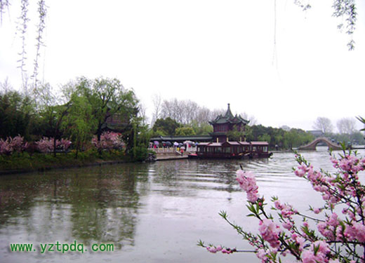 很多地方本來(lái)很美,但是也許旅游旺季時(shí)人多了也沒(méi)有意思,但那天恰好全無(wú)喧囂,沒(méi)有到處飄揚(yáng)的導(dǎo)游旗,沒(méi)有小喇叭的尖叫,就覺(jué)得什么都很好,沒(méi)有一處“視覺(jué)污染”。于是就覺(jué)得二十四橋特別詩(shī)情畫意,覺(jué)得詩(shī)畫長(zhǎng)廊特別舒展開(kāi)闊,覺(jué)得“四橋煙雨”特別清新靜美……這就值得流連又流連了,春意濃濃地化在瘦西湖中,慢慢的泡開(kāi)來(lái),溢了滿湖;而我們,真甘愿在這里沉沉地品這杯泡得恰到好處的春茶。
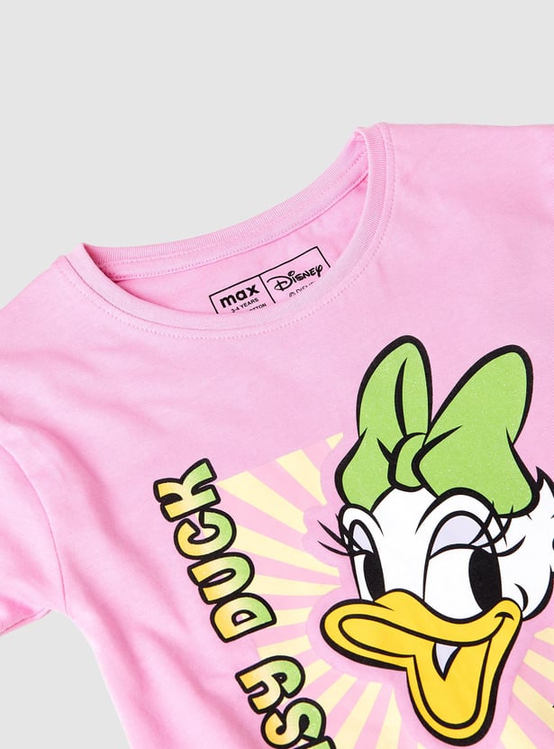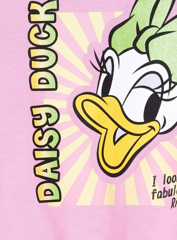 Girls Daisy Duck Print T-shirt with Knotted Hem
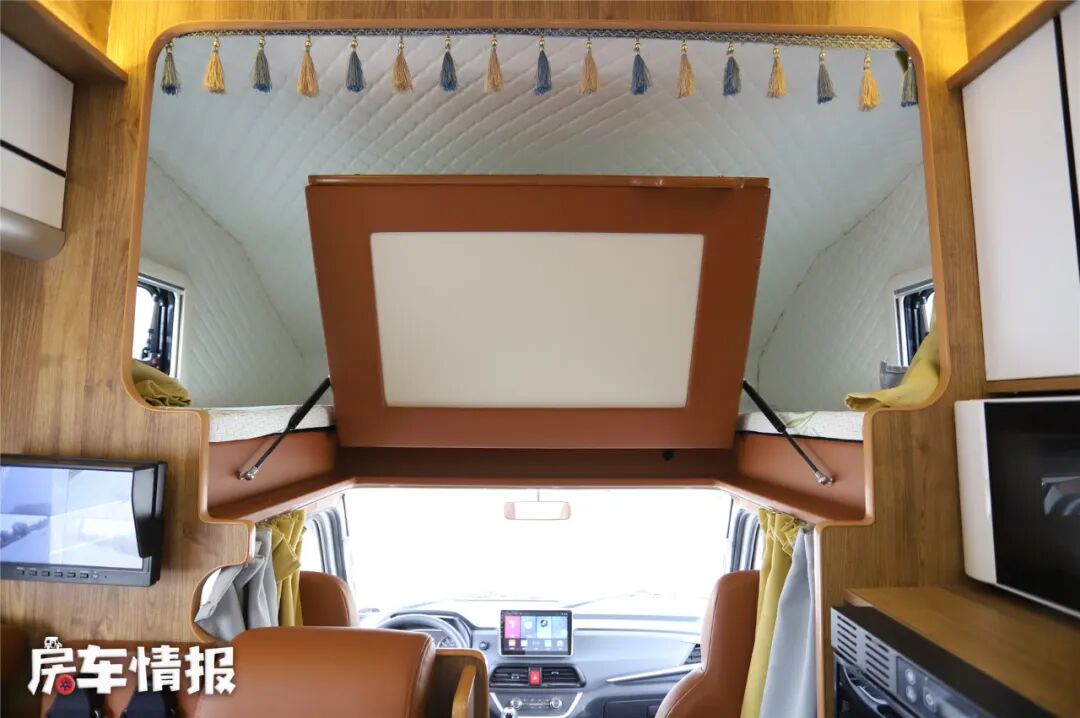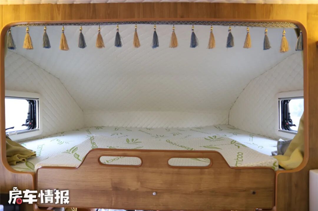 最前方驾驶室顶部是额头区域,内含一张额头床,得益于外观造型,额头区域的空间还是比较宽敞的,两侧带有通风采光的外推窗,床铺的尺寸为2000*1500毫米,完全可以容纳两个成年人使用。

§ **WORK REQUEST**:
Output a faithful copy of the data, with each picture left out.

§ **EXERCISE OUTPUT**:
 很多地方本來(lái)很美,但是也許旅游旺季時(shí)人多了也沒(méi)有意思,但那天恰好全無(wú)喧囂,沒(méi)有到處飄揚(yáng)的導(dǎo)游旗,沒(méi)有小喇叭的尖叫,就覺(jué)得什么都很好,沒(méi)有一處“視覺(jué)污染”。于是就覺(jué)得二十四橋特別詩(shī)情畫意,覺(jué)得詩(shī)畫長(zhǎng)廊特別舒展開(kāi)闊,覺(jué)得“四橋煙雨”特別清新靜美……這就值得流連又流連了,春意濃濃地化在瘦西湖中,慢慢的泡開(kāi)來(lái),溢了滿湖;而我們,真甘愿在這里沉沉地品這杯泡得恰到好處的春茶。
 Girls Daisy Duck Print T-shirt with Knotted Hem
 最前方驾驶室顶部是额头区域,内含一张额头床,得益于外观造型,额头区域的空间还是比较宽敞的,两侧带有通风采光的外推窗,床铺的尺寸为2000*1500毫米,完全可以容纳两个成年人使用。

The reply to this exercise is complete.